Like them, he’s killed. Yet unlike the bold all-American (white) hero, he has to die, and he doesn’t even get to do it on his own terms. It very much feels as if Lee puts the character of Norman up in comparison with MLK and a whole host of others who died before their time, demonstrating how Black heroes don’t get to live, and they don’t even get to die on their own terms.
This, of course, dovetails with Bloods‘ rich understanding of American cinema, from the obvious homages to Vietnam epics like Apocalypse Now (whose poster and logo are featured prominently earlier in the film) to Treasure of the Sierra Madre, from which this film yanks a lot of its basic premise and quips about needing stinkin’ badges. To a lesser filmmaker, this would feel like cheap collage art; in Lee’s hands, it feels like reclamation.
One of the few shortfalls of the film is familiar to a lot of Lee’s work – the women are underutilised. You get Melanie Thierry as Hedy, the daughter of a rich family of plantation owners who founded the charity LAMB (Love Against Mine and Bombs) to clear the mines still left from the war and help the victims of these mines. Thierry gives a charming performance for an interesting character, but it feels like she’s being pushed into the role of ‘love interest’ for David and it feels really forced. I would say Lê Y Lan, who plays Tiên, a former sex worker with whom Otis had a child, is given the shortest straw by the script. Her performance is fantastic, but she mostly seems to exist to be a motivator for Otis’ emotions and a target for Paul’s racialised misogyny. While this is a film deliberately centred on men, it still feels like there was room for the women of the film to be better served by Danny Bilson, Paul De Meo, Lee, and Kevin Willmott’s script.

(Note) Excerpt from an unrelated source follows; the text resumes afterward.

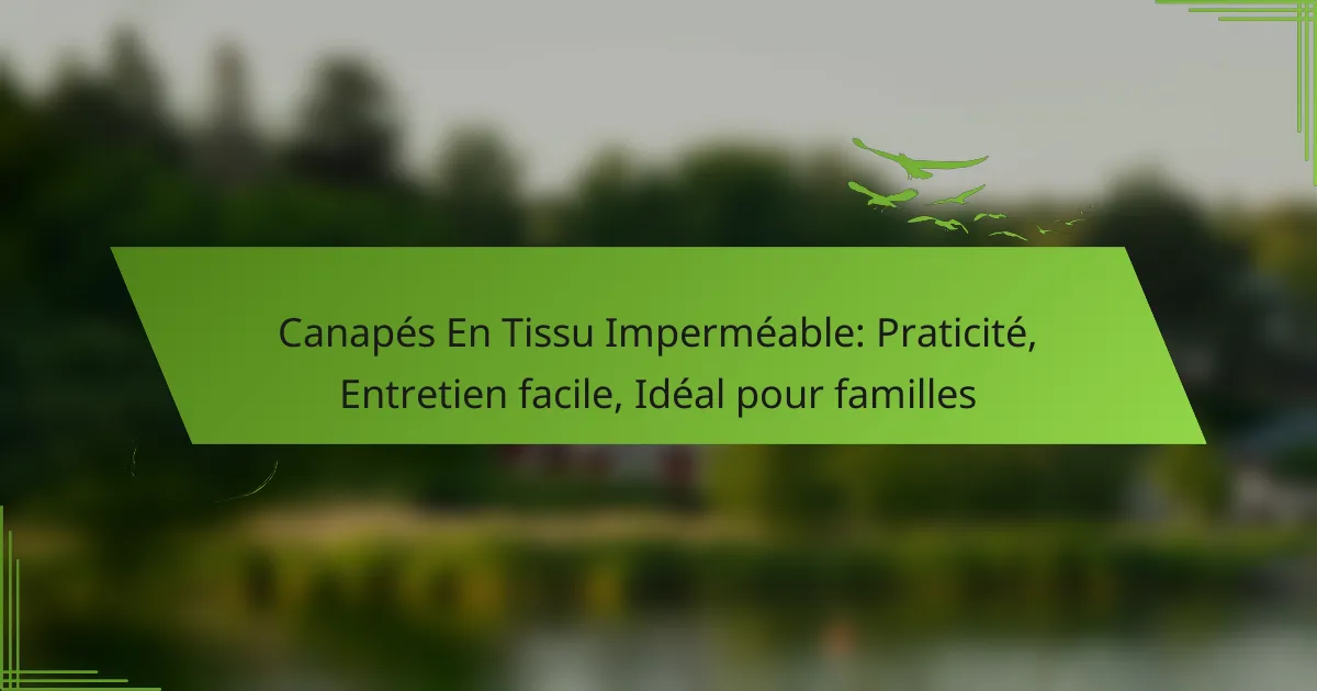 Pour choisir un canapé en tissu imperméable, il est essentiel de considérer la qualité du tissu, les types disponibles, ainsi que les finitions. Ces éléments garantissent non seulement la durabilité du canapé, mais aussi sa praticité pour les familles.

At times, the dialogue feels a little stilted as Lee stretches to make a point or give key context. There are also a few times where he reaches to be provocative and it feels over-the-top and incredibly abrasive. But even with those qualifications, Da 5 Bloods has so many layers to unpack and study. There are issues of neo-imperialism brought in through the wealthy European characters, Hedy and DesRoche (Jean Reno), to Black patriotism through the symbolism of Paul’s MAGA cap and the Bloods’ frustrated reactions to it. This is a film that’s interested in grey areas and moral complicity, never obfuscating the atrocities or pain of a war that pitted people of colour against each other for the sake of white political interests (rendered beautifully by Veronica Ngo‘s take on Hanoi Hannah).
Da 5 Bloods feels both timely and timeless, Lee doing what he does best — giving an unflinching and layered look at the complex connections between anti-Blackness, American identity, and American imperialism. Most importantly, this film drives home the way that Black lives have been devalued for centuries and how, irrespective of how much we give, oppression will not end without tearing these systems down. In our present moment, where there’s so much energy for change, and we’re looking for ways to reshape our world to make it less hostile to Black people, this film is an essential watch as both education and a call for action.
Da 5 Bloods is currently streaming on Netflix.